== DATASET RECORDS ==

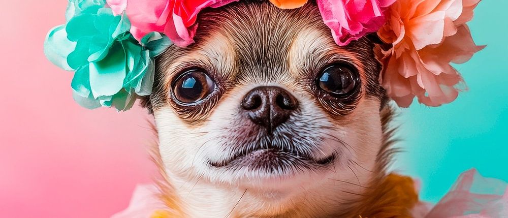 The cheerful image of a lovingly dressed Chihuahua lady adorned with colourful flowers unfolds in a radiant sea of soft pastel shades. Her charming charisma and the playful mix of colours bring a touch of joy and joie de vivre. This picture will be the perfect highlight for a living room where it will spread good humour.
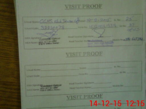 | Attendance Register | Head Teacher | MEA with School | Visit Proof |
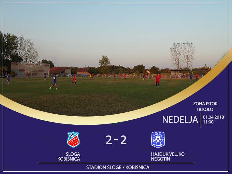 Fudbaleri Sloge iz Kobišnice i negotinskog Hajduk Veljka odigrali nerešeno 2:2, u utakmici 18. kola Zone Istok. Strelci Vojinović i Durgut za Slogu, Vujadinović i Bregovljanović za ekipu Hajduk Veljka. Zonaš iz Kobišnice sa 14 bodova i dalje na poslednjem mestu, a negotinski sa 31 bodom na trećem.
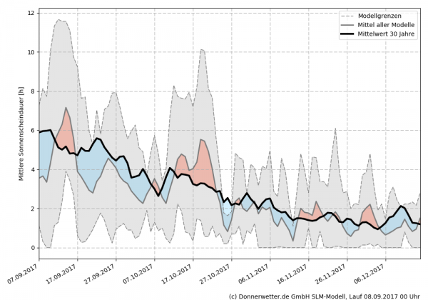 Von den kommenden Tagen einmal abgesehen, droht dem Westen laut aktueller Modelle ab der zweiten Septemberhälfte erst mal eine Temperatur-Durststrecke. Erst Anfang November liegen die mittleren Lufttemperturen wieder dauerhafter über dem 30-Jahres-Mittel. Bei Niederschlag ist der Trend weniger eindeutig, mal liegen die Werte über, mal unter dem Durchschnitt. Für die Sonnenstunden sieht es in diesem Herbst dagegen wieder eher schlecht aus...
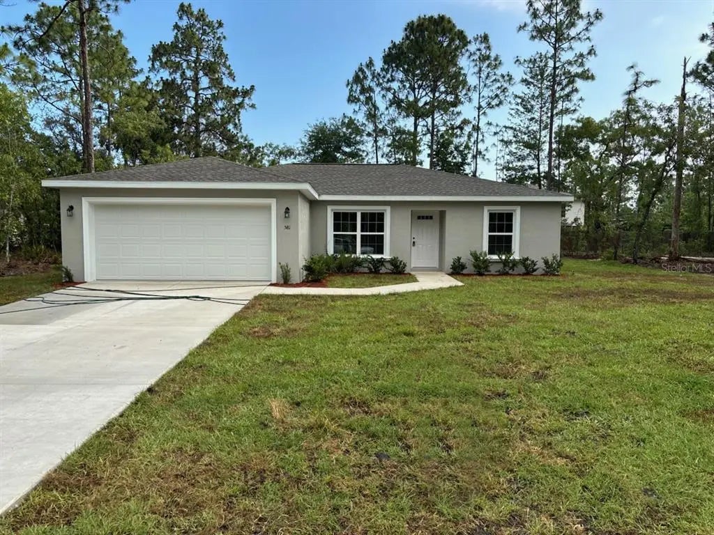 NEW CONSTRUCTION. MOVE-IN READY! Welcome to the Key West model, a beautifully crafted 3-bedroom, 2-bath home offering 1,405 square feet of stylish living space in the peaceful neighborhood of Citrus Springs. Built with durable concrete block construction, this home also features a 30-year architectural shingle roof and energy-saving double-pane windows. Inside, the vaulted ceiling in the living room adds a sense of space and light, while luxury vinyl plank flooring flows throughout. The kitchen is equipped with stainless steel appliances, granite countertops, a subway tile backsplash, custom white shaker cabinets with soft-close drawers, and a walk-in pantry for added storage. The master suite—the largest offered by the builder—delivers exceptional space and comfort, including a glass-enclosed shower and upgraded marble-look tile in the bathroom. The main bath features a tub/shower combo with coordinating finishes. Additional highlights include a laundry room with upgraded cabinetry, a covered patio for relaxing outdoors, and an attached 2-car garage with opener and remotes. Located in flood zone X, this high and dry property requires no flood insurance and comes with the added bonus of no HOA fees.

===

Give the records above again in full and exactly, but exclude every picture.

### EXPECTED ANSWER:
 The cheerful image of a lovingly dressed Chihuahua lady adorned with colourful flowers unfolds in a radiant sea of soft pastel shades. Her charming charisma and the playful mix of colours bring a touch of joy and joie de vivre. This picture will be the perfect highlight for a living room where it will spread good humour.
 | Attendance Register | Head Teacher | MEA with School | Visit Proof |
 Fudbaleri Sloge iz Kobišnice i negotinskog Hajduk Veljka odigrali nerešeno 2:2, u utakmici 18. kola Zone Istok. Strelci Vojinović i Durgut za Slogu, Vujadinović i Bregovljanović za ekipu Hajduk Veljka. Zonaš iz Kobišnice sa 14 bodova i dalje na poslednjem mestu, a negotinski sa 31 bodom na trećem.
 Von den kommenden Tagen einmal abgesehen, droht dem Westen laut aktueller Modelle ab der zweiten Septemberhälfte erst mal eine Temperatur-Durststrecke. Erst Anfang November liegen die mittleren Lufttemperturen wieder dauerhafter über dem 30-Jahres-Mittel. Bei Niederschlag ist der Trend weniger eindeutig, mal liegen die Werte über, mal unter dem Durchschnitt. Für die Sonnenstunden sieht es in diesem Herbst dagegen wieder eher schlecht aus...
 NEW CONSTRUCTION. MOVE-IN READY! Welcome to the Key West model, a beautifully crafted 3-bedroom, 2-bath home offering 1,405 square feet of stylish living space in the peaceful neighborhood of Citrus Springs. Built with durable concrete block construction, this home also features a 30-year architectural shingle roof and energy-saving double-pane windows. Inside, the vaulted ceiling in the living room adds a sense of space and light, while luxury vinyl plank flooring flows throughout. The kitchen is equipped with stainless steel appliances, granite countertops, a subway tile backsplash, custom white shaker cabinets with soft-close drawers, and a walk-in pantry for added storage. The master suite—the largest offered by the builder—delivers exceptional space and comfort, including a glass-enclosed shower and upgraded marble-look tile in the bathroom. The main bath features a tub/shower combo with coordinating finishes. Additional highlights include a laundry room with upgraded cabinetry, a covered patio for relaxing outdoors, and an attached 2-car garage with opener and remotes. Located in flood zone X, this high and dry property requires no flood insurance and comes with the added bonus of no HOA fees.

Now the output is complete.